To keep from having this problem, you’re going to want to add aeration to your pond as you are introducing algaecides. You will also want to ensure that you are removing dead algae before it gets a chance to begin decomposing and robbing the water of oxygen.

If you aren’t able to aerate your pond, you can either remove the fish and plants, introducing them to a new location, or avoid using algaecides altogether.

If you have large numbers of fish in the pond, you could already run the risk of low oxygen levels. Even the heaviest duty aeration systems may not be able to handle the extra load of algae dying and robbing oxygen.

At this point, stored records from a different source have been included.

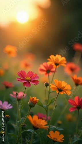 Fototapeta premium Soft focus wildflowers bathed in warm sunset light, gentle breeze ,...
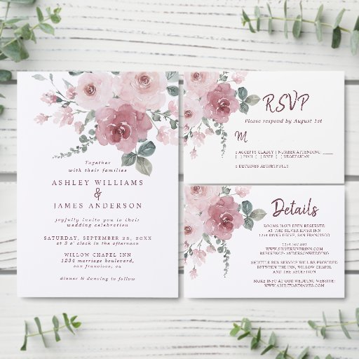 Floral Dusty Pink Rose Burgundy Wedding Invitation
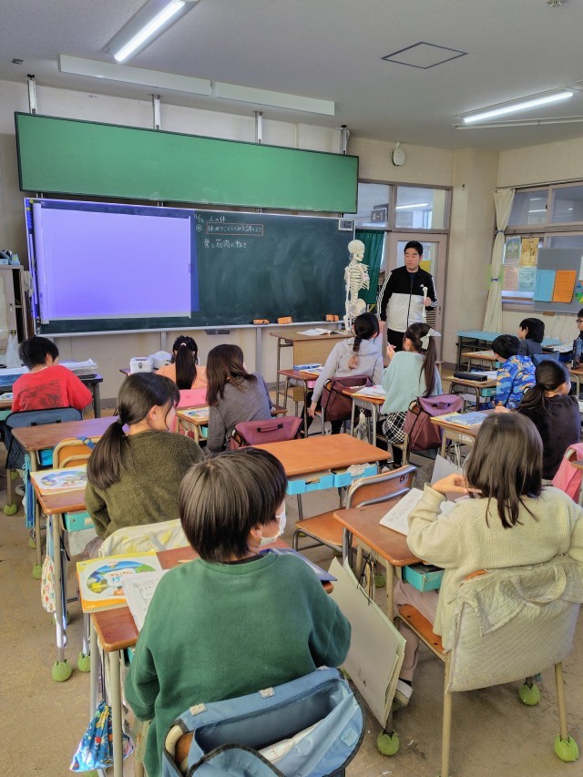 (ヒトの体はどうやって動いているのかな。骨の人体模型と一緒に学習します)
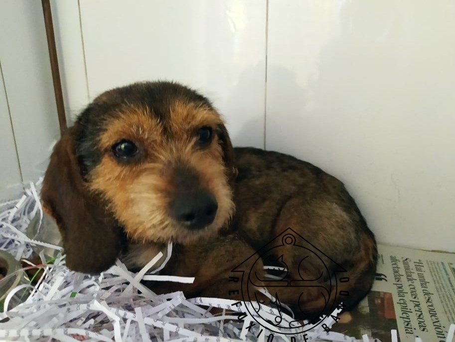 Recollido en Santiago de Compostela, chega moi feble.
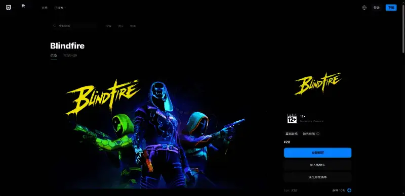Steam平台需要先安装Steam平台,之后注册一个账号登录,然后搜索“Blindfire”进入商店购买页面。
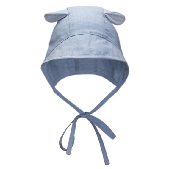 Hi Little One bonetka niemowlęca z daszkiem i uszkami BOHO LEO Light Blue roz S Pom Pom
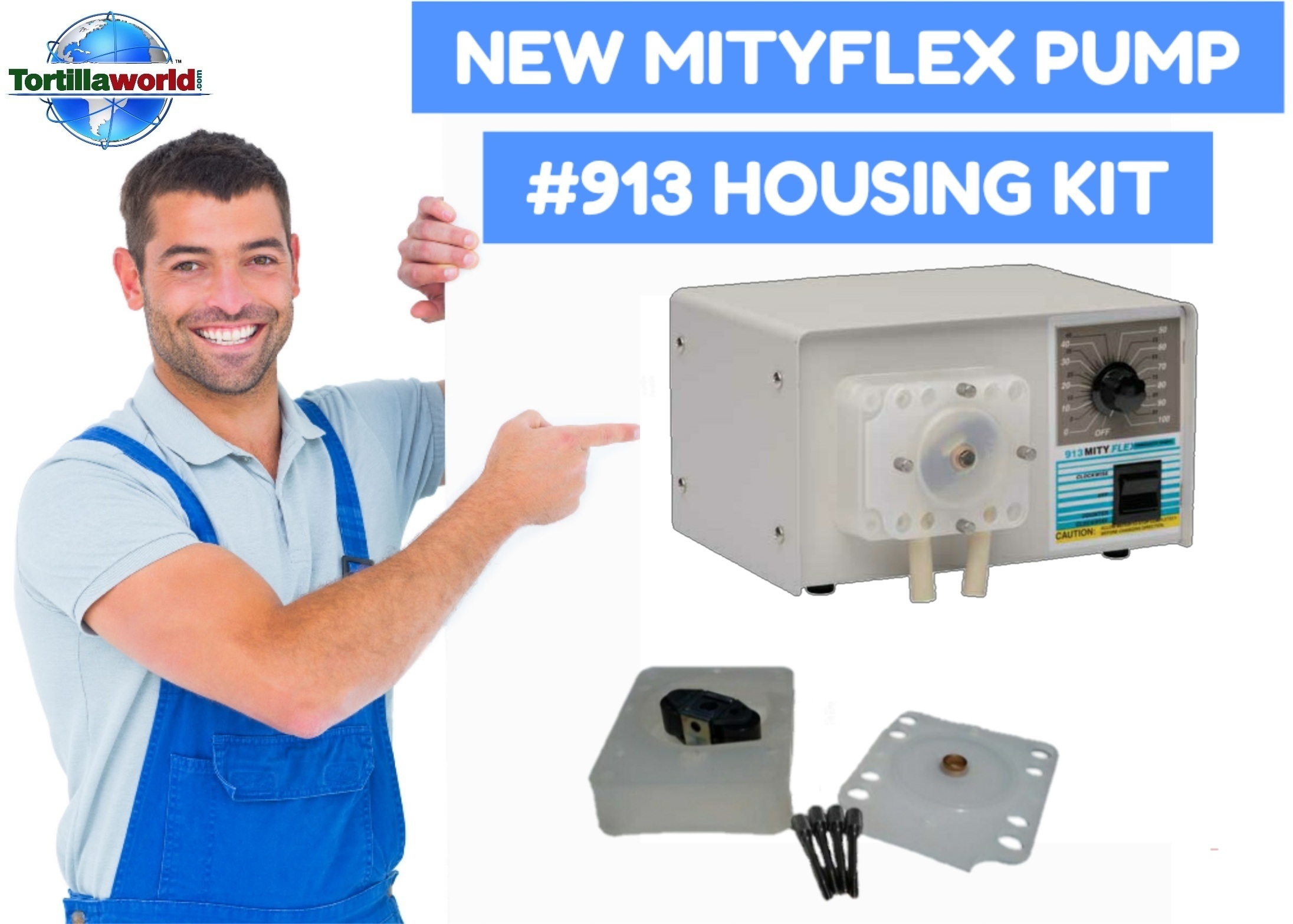 Original factory replacement parts kit includes housing cover, thumb screws, and roller bracket assembly.for the MityFlex # 913 chemical pump commonly used in the tortilla industry for dispensing liquid corn tortilla preservatives. Don’t replace the entire pump when all you need is the housing & roller bracket assembly. We have a few left
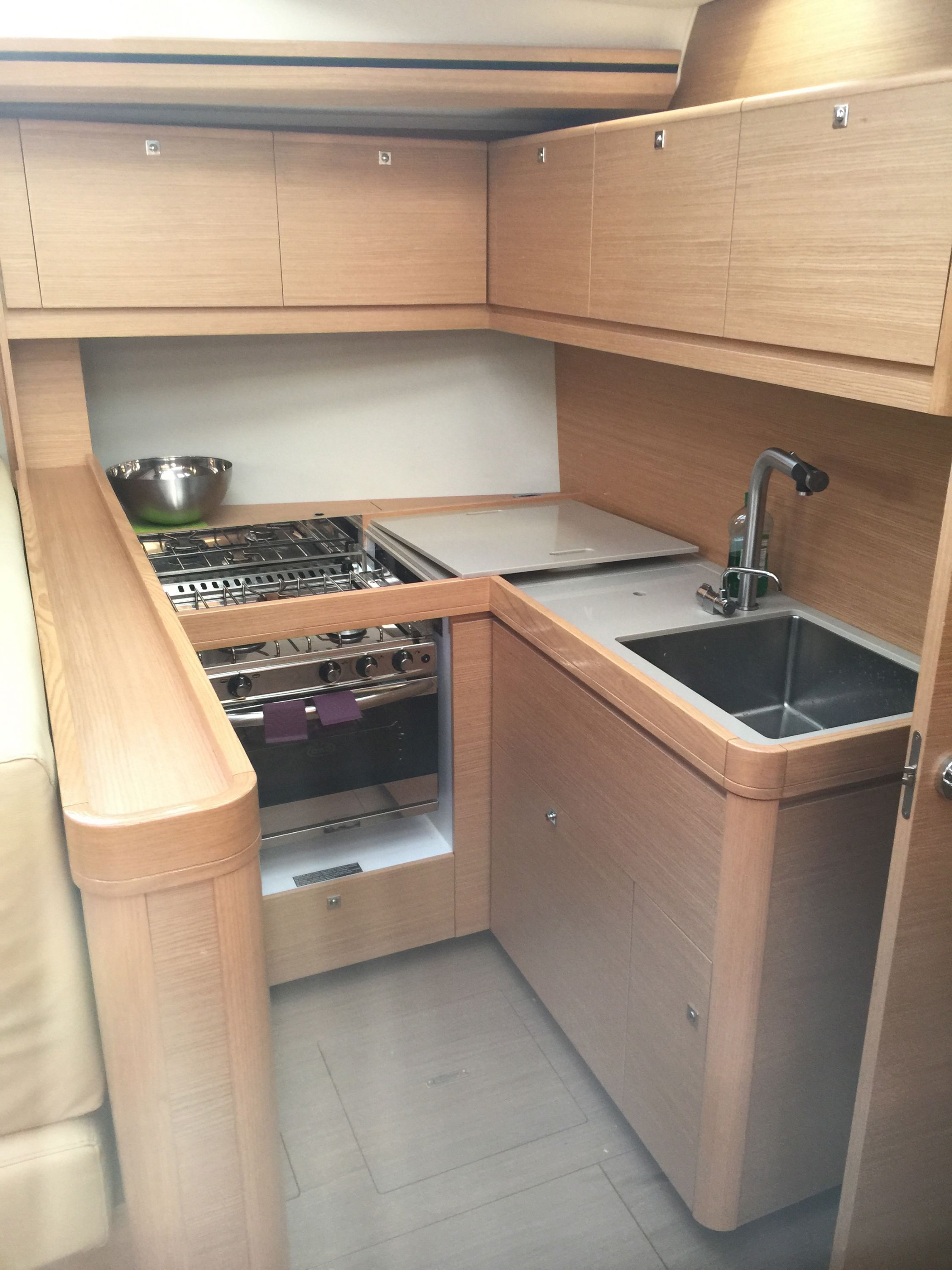 | Inside | Gefrierschrank, Heizung, Inverter 12V/220V, Kühlschrank, Ladegerät, Mikrowelle, Pantryausstattung, Radio, Spülbecken, Süßwasser-Aufbereitungsanlage, TV, Warmwasser, WC (elektr.) |

For ponds with more significant numbers of fish, you will need to stick to a more in-depth cleaning procedure while also delivering as much oxygen as possible. Regularly testing your water’s oxygen levels will help you get in front of any potential problems.

Video Introduction

What’s The Best Pond Algae Control?

The answer to this question is, ultimately, determined by the type of bloom you’re trying to control and whether or not you have fish and plants in the pond.

If you are looking for the best organic pond algae control, we have found that the Nualgi Ponds Algae Control is the best of the best.

However, if you’re looking to get the job done as soon as possible and are comfortable adding chemical algaecides to your pond, the TetraPond Algae Control is excellent for smaller ponds while the GreenClean Granulated Algae Control is a better option for larger ponds.